The original arcade version features colorful 4bpp graphics, multi-layer parallax scrolling, and FM+PCM audio.

The arcade version is a fast paced side-scrolling hack-n-slash, quarter muncher. It is single player only (2 player alternating) gameplay, and is set in a swords and sorcery style game world. It was ported to a wide variety of systems, ranging from the C64, ZX Spectrum, NES, Sega Master System, and Atari Lynx, all the way up to machines with nearly arcade-perfect quality ports such as the Amiga, Megadrive, and the Sharp X68000.

In western markets, the game's title is 'simply' the eponymous hero's name, but this was actually a mistake. It was actually the villain's name. The game's Japanese title does refer to the hero, but not by name, so perhaps this is why the western title was assumed to be the hero's name. The hero was actually un-named in Japan, simply known as "The Hero of Argus." Since the western title was commonly mistaken as the hero's name, it did officially become the hero's name. The villain's name was then modified - but only by changing the first letter from R to L. (which is funny because they're basically the same letter in Japanese)

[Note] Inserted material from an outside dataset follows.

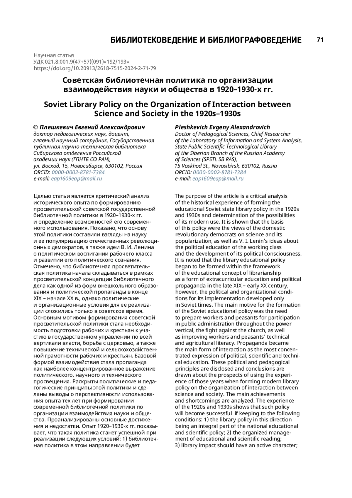 Целью статьи является критический анализ исторического опыта по формированию просветительской советской государственной библиотечной политики в 1920–1930‑х гг. и определение возможностей его современного использования. Показано, что основу этой политики составили взгляды на науку и ее популяризацию отечественных революционных демократов, а также идеи В. И. Ленина о политическом воспитании рабочего класса и развитии его политического сознания. Отмечено, что библиотечная просветительская политика начала складываться в рамках просветительской концепции библиотечного дела как одной из форм внешкольного образования и политической пропаганды в конце XIX – начале XX в., однако политические и организационные условия для ее реализации сложились только в советское время. Основным мотивом формирования советской просветительской политики стала необходимость подготовки рабочих и крестьян к участию в государственном управлении по всей вертикали власти, борьба с церковью, а также повышение технической и сельскохозяйственной грамотности рабочих и крестьян. Базовой формой взаимодействия стала пропаганда как наиболее концентрированное выражение политического, научного и технического просвещения. Раскрыты политические и педагогические принципы этой политики и сделаны выводы о перспективности использования опыта тех лет при формировании современной библиотечной политики по организации взаимодействия науки и общества. Проанализированы основные достижения и недостатки. Опыт 1920–1930-х гг. показывает, что такая политика станет успешной при реализации следующих условий: 1) библиотечная политика в этом направлении будет составной частью общегосударственной просветительской и научной политики; 2) будет организовано управление просветительским и научным чтением; 3) библиотечное воздействие должно носить активный характер; 4) принципы современной просветительской библиотечной политики модернизируются с учетом достижений педагогической науки в области просветительства, социологии чтения, информационной культуры и популяризации науки.
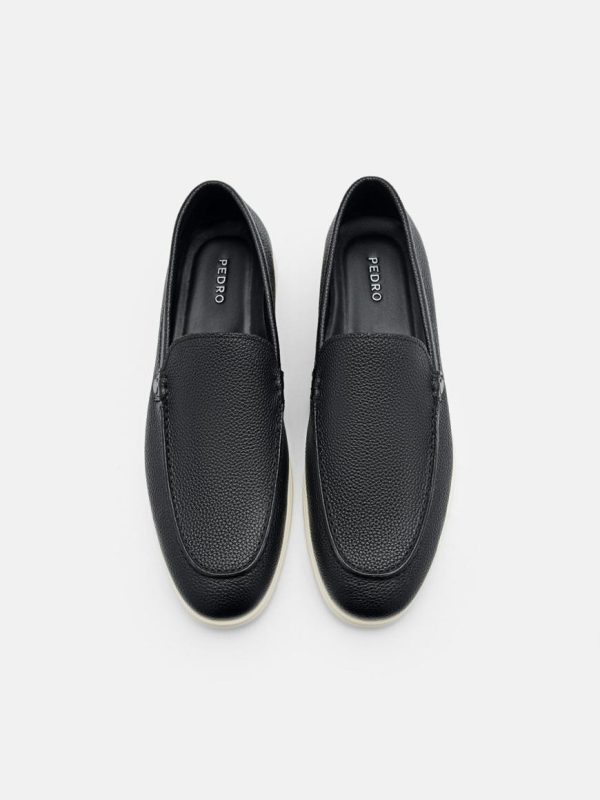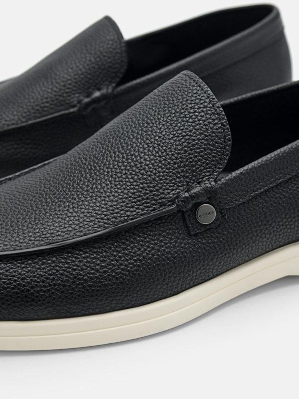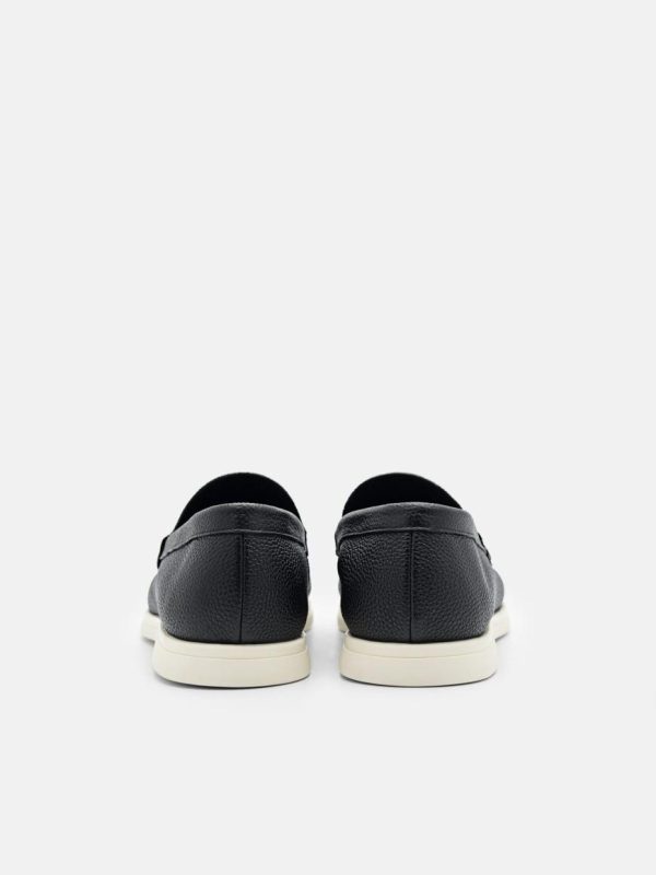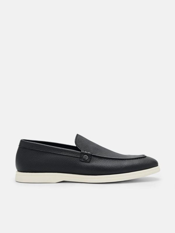 Elevate your everyday style with the Oliver Leather Loafers in sophisticated black. These premium loafers deliver exceptional comfort and timeless appeal, perfect for both casual outings and smart-casual occasions. Crafted with meticulous attention to detail, the embossed calf leather upper offers a refined texture that only gets better with wear. The classic moc-toe stitching and sleek silhouette create a versatile footwear option that effortlessly complements your wardrobe.

The NES port is unique from the others. Like many NES ports, it was heavily modified from its original form, making it into more of an action adventure format than a pure arcade-style experience.

One final hint: The NES version is well-regarded, but one of the main complaints is that it lacks any kind of save-and-continue system such as a battery backup or password system, so it must be beaten in one sitting.